The guidelines move the needle away from the old approach of creating “master plans” towards a new approach of creating “spatial development plans (SDPs)”.

They also frame progressive planning policies, institutions and processes to enable implementation and enforcement on the ground, reinforcing federal structures, decentralization, participation.

Formulating robust SDPs for cities provides the foundation for dramatic transformation. The SDP communicates the long-term vision of leaders for the city, translating it onto physical space; integrates the plans of individual agencies and departments, and aligns budgets towards common development goals; measures outcomes, promoting accountability.

How: the 468 number

The Census 2011 lists 7,932 urban settlements in the country. The Bharatiya Janata Party manifesto promises new cities as well. New cities are propositions with longer-term gestation periods of a decade or more. They require financing partnerships and careful consideration of economic sustainability, and leveraging existing infrastructure. Preparing SDPs for the 7,932 urban settlements is itself a gargantuan task, given the scarcity of India’s technical capacity—both in quality and quantity.

Rolling out SDPs across all urban settlements is best done as a phased strategy.

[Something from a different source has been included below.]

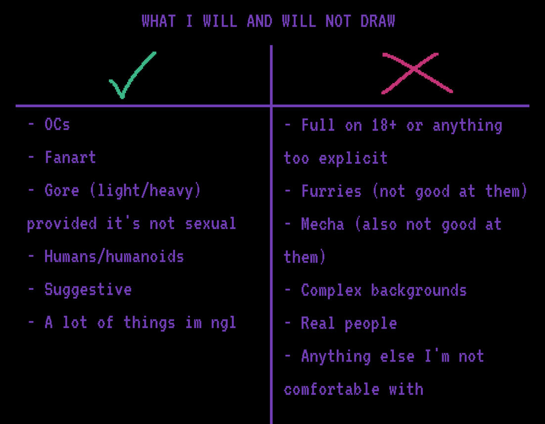 You may not trace or claim my art as your own. If you repost it, please ensure to tag either my X or Instagram handle.

Only 468 of the 7,932 cities and towns have a population of above 100,000. These are classified as “cities” in the new guidelines, while the remaining urban settlements that are below the population of 100,000 are classified as municipal “towns”.

The 468 cities account for 70% (264 million) of the urban population, and will see the bulk of the future growth in urban India as well.

Preparing SDPs for the 468 cities presents the greater challenge, requiring three levels of tiered SDPs—regional, municipal, and ward level.

The 468 settlements can become the lighthouses to showcase the power of the SDP, improving the quality of life for residents, and preparing for the tsunami of over 200 million more urban residents over the next two decades.

Our new government has many challenges, with multiple claimants for limited public resources. Hence, a large part of leadership is about prioritization. Like electoral math that looks at seat share rather than vote share, addressing the challenges of 17% of cities addresses the quality of life for 70% of citizens.

Ensuring that the urban future is substantially secured can be achieved with a twin-track approach of good governance and robust spatial planning in the top 468 cities of India.

Swati Ramanathan is the chairperson of Jana Urban Space Foundation, and Co-founder of Janaagraha Centre for Citizenship and Democracy. The NUSPD Guidelines are being prepared by her.